Just copied the ocrd_logging.conf without any change to $USER_HOME and have to learn that suddenly out of nowhere 7 tests go fail; Changed PILs Log level as you mentioned, makes the decorator module also fail. Well, looks like any test that includes validations of log output must be ensured to run in real isolated manner, far more than actually.
Since it concerns just a handful tests, I'll go and review them all.
I did some refactoring regarding the logging initialization, to enable injection of logfiles instead of doing this implicitly. But unfortunately, this did not handle all 8 additional failures. Funny fact, that these tests are green when run isolated in VSCode, but not if running the complete testsuite. Especially the test_log and the test_logging modules are tricky to decompose. Anyway IMHO this is a step in the proper direction.
What should be really taken into account: I'd like to see some more conceptual movement from ocrd-stuff to be more like a library, with some notable exceptions (say, the workspace module). I'd like to think in terms of library functionalities with meaningful results or clear exception-handling. Actually there are loggers even on method level (IMHO really overkill) and no dedicated custom exception (like OcrdException), which could be handled by a client application.
(Personally I'm pointing to the oai-record-loading things - I'm aware that I'm responsible for this mess, but his must be redone in a proper way. Actually it only logs a warning(!!) if the XML can't be parsed, but the response gets written anyway to disc. But that's a different story.)
@kba :
Actual 2 test cases fail from test_workspace, but this module is addressed with https://github.com/OCR-D/core/pull/779 therefore I'd suggest to first apply this one and I will afterwards review this module again before we end in a hard to manage merge situation.

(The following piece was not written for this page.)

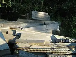 In June 2005, the college tore it down with a backhoe, citing safety concerns due to an ant infestation and other animals degrading the structure.[3] Davies' son Bryan evaluated the damage as only superficial and contended the sculpture could have been repaired.[1] In negotiations about compensation to Davies for the destruction, the Davies family proposal included an apology and commissioning of a new $60,000 sculpture by Davies. Lambton College was unwilling to fund a new piece and unlikely to apologize stating, "we believe Lambton was well within its moral and legal rights". The college president Tony Hanlon in an email to Bryan sought assurances that there would be no further public criticism of the college. Bryan Davies stated, "My father cannot, in good conscience, agree not to speak out".[4] In 2006, Davies sued the college for $1.2 million, contending the college failed to maintain the structure.[5] Davies died in 2008 and the lawsuit was settled in 2010, with the details not made public.[6]

Oh no, I've just learned that there are two modules named test_workspace, and the one addressed in https://github.com/OCR-D/core/pull/779 is not the one I've mentioned before.
@bertsky @kba Would it be okay to you if I do pytest refactorings of test/cli/test_workspace within the scope of this PR?
@kba Would it be okay to you if I do pytest refactorings of test/cli/test_workspace within the scope of this PR?
Sure, thank you
Oh no, I've just learned that there are two modules named
test_workspace,
I also sometimes stumbling about those same basenames or that some tests are in subdirectories and some are not. Maybe a flat hierarchy would make it less confusing for developers, e.g. tests/cli/test_workspace.py -> tests/test_cli_workspace.py`?
Actually, I was not capable to re-implement some tests with pytest, therefore I left altogether 4 testcases within their prev test setups. Even two of them would fail if a logging configuration is present in USER_HOME, so I marked them to be skipped. I've cut the logging parts off test_add_nonexisting_file and test_init_with_mets_basename_and_not_mets_deprecated . How to deal properly with the OCR-D logging issues - I still don't know. Personally, I decrease logging in my apps as far as possible an/or use a dedicated Logger-Object that encapsulates all logging-related stuff.
@kba Renaming the test suite sounds reasonable though. I would even propose to move all test cases that inspect any sort of output to a dedicated test suites for logging and stdout/stderr.
The logging has since been changed significantly. But having a logging configuration still interferes with the tests in two places. I'm fixing that and will also add a config option/environment variable OCRD_LOG_BUILTIN_ONLY that globally disables picking up any ocrd_logging.conf. Then I'll cherry-pick your unitttest-to-pytest conversions and close.